The other day on my ride in to work I was listening to a local radio station. One of the female personalities was talking about and seeking commentary from listeners on the topic of female workplace relationships. The discussion was spawned by an MSNBC article published Monday entitled,
Women still reluctant to help each other. In the article, the author discusses the social, emotional and cultural reasons for and implications of women tearing one another down, instead of building each other up and supporting one another. While the article focuses on workplace behavior, which may be relevant to you readers, regardless of PPD, I believe it also speaks to both potential risk factors for and ability to heal from perinatal mood disorders.
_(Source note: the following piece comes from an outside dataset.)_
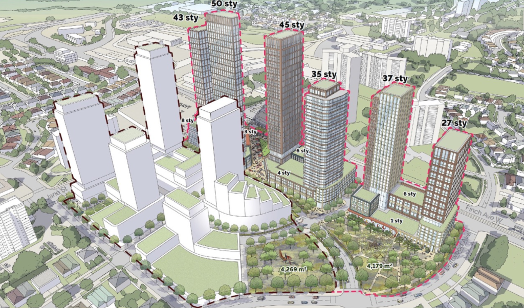 The redevelopment’s location alongside the upcoming Finch West Line 6 is pivotal in its design and function. This LRT line, spanning 11km with 18 stops and expected to open later this year, is one of the next big steps in Toronto’s transit expansion, enhancing connectivity across the city’s northwest corridor. Two of these stops, at Jane Street and at Driftwood Avenue, are situated adjacent to the site’s northeast and northwest corners. This immediate proximity positions the development within the stops’ Protected Major Transit Station Areas (PMTSAs), so the redevelopment is designed as a transit-oriented community.

I have had my fair share of tenuous relationships in the workplace. Incredibly, for me, it began even before paid work. When I was student teaching one of my advisory teachers and I had a disagreement a few weeks into the experience that resulted in her later apologizing and sharing her struggles with mental illness, which I now believe were first recognized in the postpartum period after she had her only child, later in life. I was an eager beaver over-achiever and she was barely keeping her head above water. One morning I asked one too many questions and she jumped down my throat, telling me that she didn't have the time or energy to field all my curiousness and that she preferred if I arrived and left just before and after the children, so she could have some time for herself. I totally get all the aspects of this now, both the mental illness and that need for some alone time that working moms crave, but then I was just hurt and ashamed. Thankfully, my observing supervisor noticed the teacher's issues and made an effort to support me, which helped us all to have a successful semester in the end.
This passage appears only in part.